# ABOUT THIS EXERCISE:
Give all the lines below again, exactly, with no pictures.

---------- SOURCE DATA

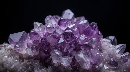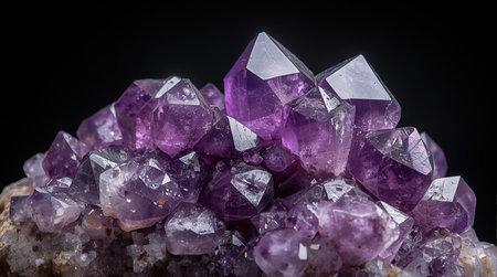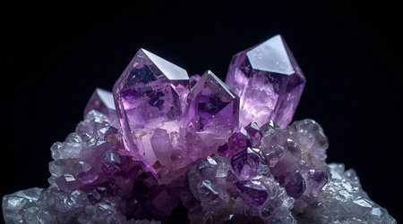 Shimmering Amethyst Crystal Cluster Against Dark Background
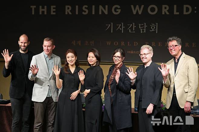 [서울=뉴시스] 박진희 기자 = 예술의전당 신작 오페라 'The Rising World: 물의 정령' 지휘 스티븐 오즈굿(오른쪽부터), 연출 스티븐 카르, 작곡 메리 핀스터러, 메조소프라노 김정미, 소프라소 황수미, 테너 로빈 트리쥴러, 베이스바리톤 애슐리 리치가 13일 서울 서초구 예술의전당 음악당 인춘아트홀에서 기자간담회를 하고 있다. 2025.05.13. pak7130@newsis.com
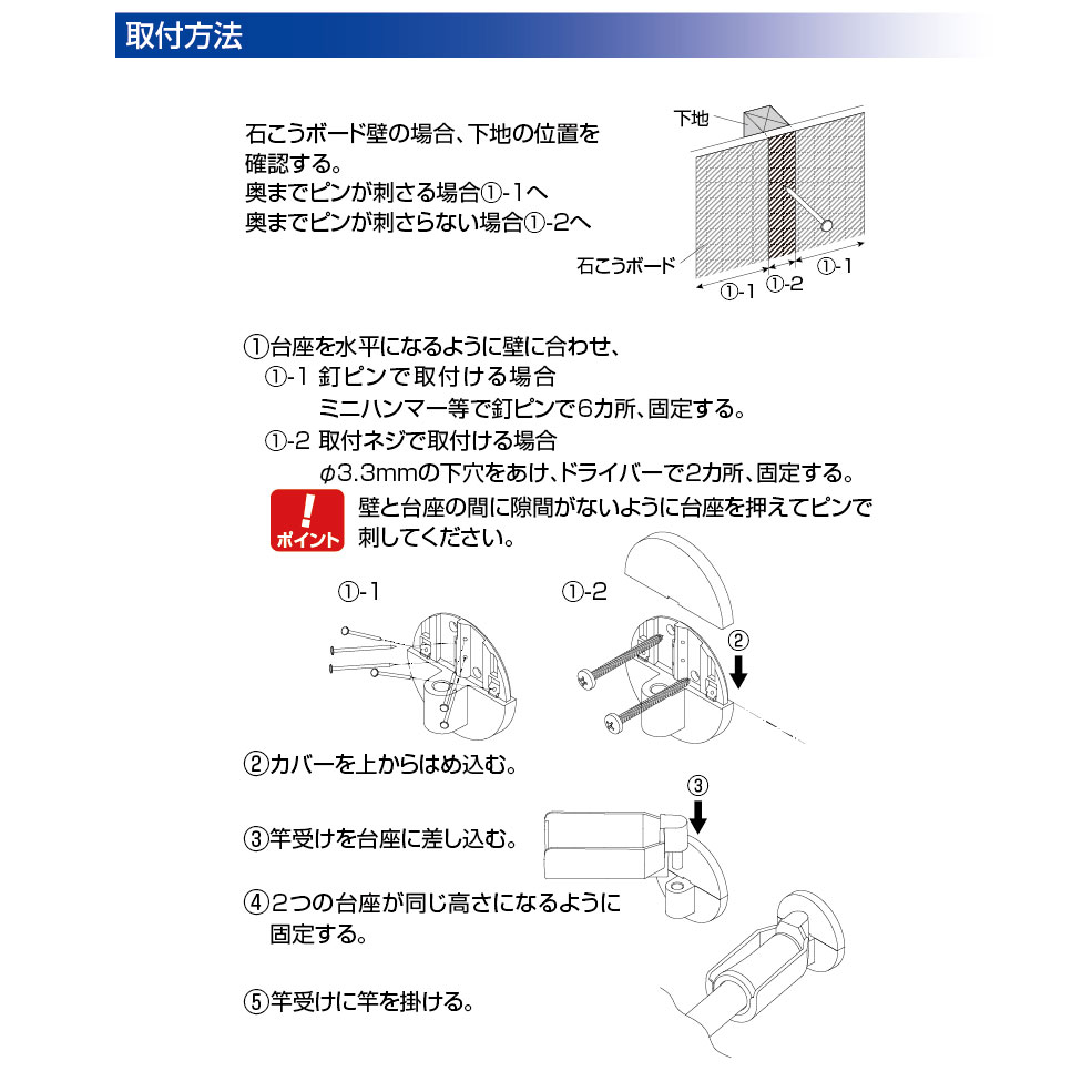 ●壁材を確認して、下地がない場合は付属のピンで壁に設置します。下地がある場合は付属のネジをお使いください。

--------------------

# EXERCISE OUTPUT:
 Shimmering Amethyst Crystal Cluster Against Dark Background
 [서울=뉴시스] 박진희 기자 = 예술의전당 신작 오페라 'The Rising World: 물의 정령' 지휘 스티븐 오즈굿(오른쪽부터), 연출 스티븐 카르, 작곡 메리 핀스터러, 메조소프라노 김정미, 소프라소 황수미, 테너 로빈 트리쥴러, 베이스바리톤 애슐리 리치가 13일 서울 서초구 예술의전당 음악당 인춘아트홀에서 기자간담회를 하고 있다. 2025.05.13. pak7130@newsis.com
 ●壁材を確認して、下地がない場合は付属のピンで壁に設置します。下地がある場合は付属のネジをお使いください。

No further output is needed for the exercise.